WHAT TO WORK ON -> Print each record exactly as it appears, but drop the images.

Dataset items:
....................

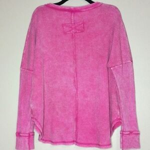 Zenana Hot Pink Mineral Wash Waffle Crew Neck
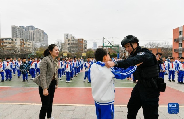 在天津市实验小学,天津市公安局和平分局特(巡)警支队民警现场指导小学生学习自我防护技能。
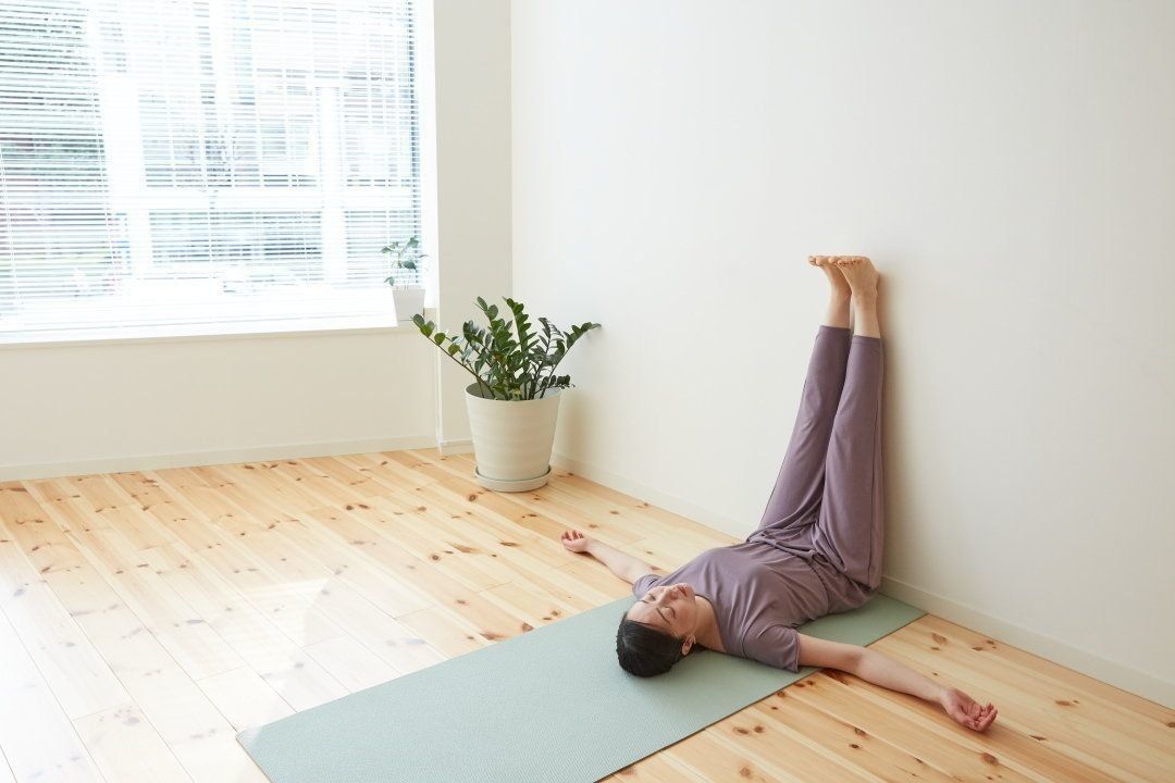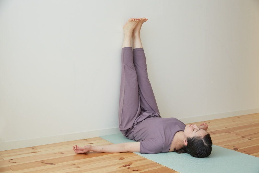 一日の最後に、両脚を上げることで全身の巡りを整え、リラックスをしましょう。一連のヨガの締めにもぴったりなポーズです。
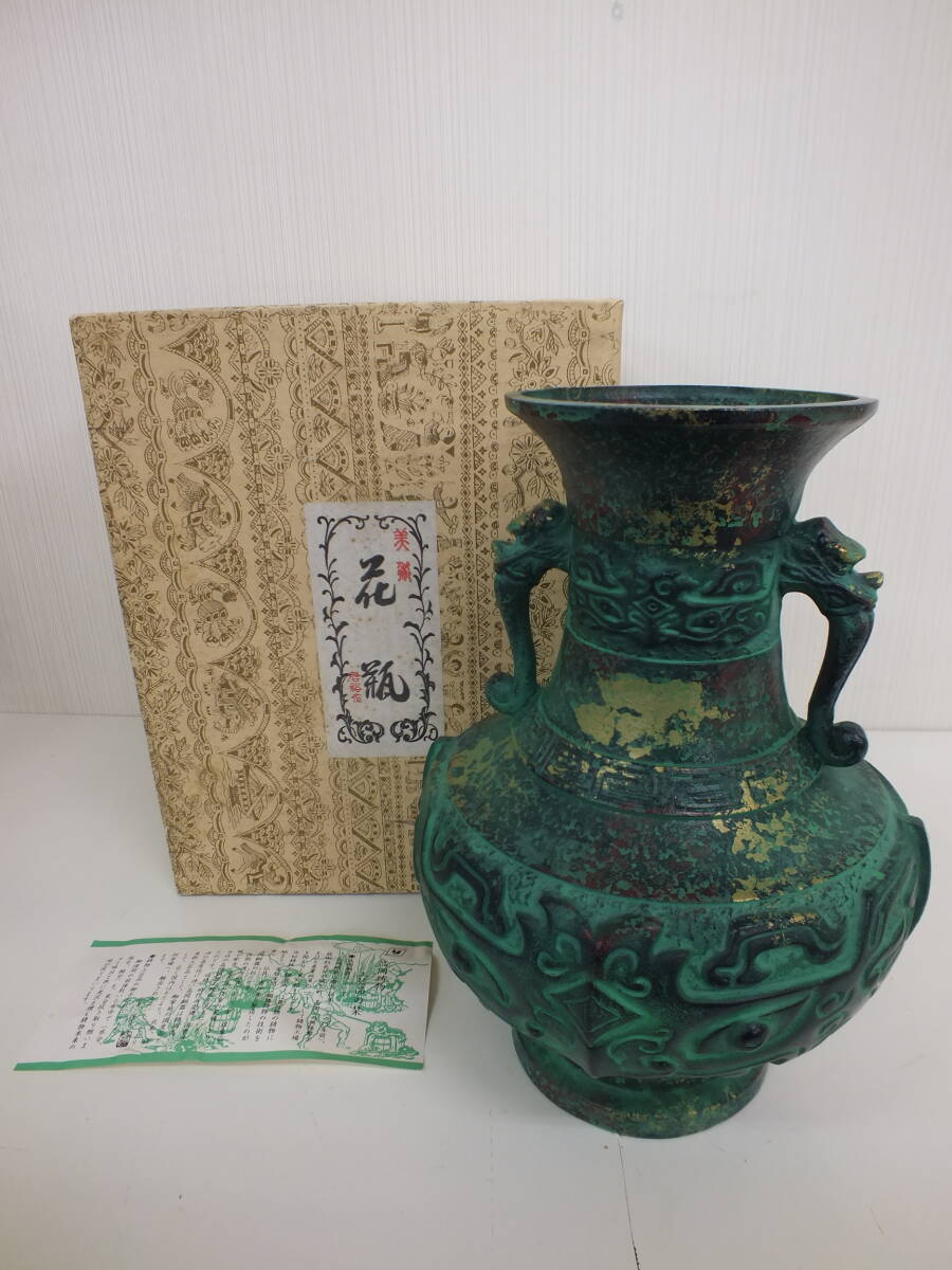 高岡銅器 美術工芸 啓裕銘 花瓶 花入 花器 華道具 伝統工芸 民芸 置物 飾壺 工芸品 記念印あり 激安1円スタート
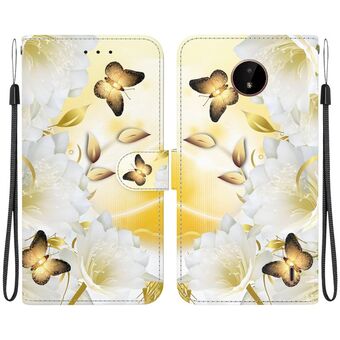 For Nokia C32 Crystal Texture Colored Drawing Leather Phone Case(Gold Butterfly Epiphyllum)

....................

WORKED SOLUTION ->
 Zenana Hot Pink Mineral Wash Waffle Crew Neck
 在天津市实验小学,天津市公安局和平分局特(巡)警支队民警现场指导小学生学习自我防护技能。
 一日の最後に、両脚を上げることで全身の巡りを整え、リラックスをしましょう。一連のヨガの締めにもぴったりなポーズです。
 高岡銅器 美術工芸 啓裕銘 花瓶 花入 花器 華道具 伝統工芸 民芸 置物 飾壺 工芸品 記念印あり 激安1円スタート
 For Nokia C32 Crystal Texture Colored Drawing Leather Phone Case(Gold Butterfly Epiphyllum)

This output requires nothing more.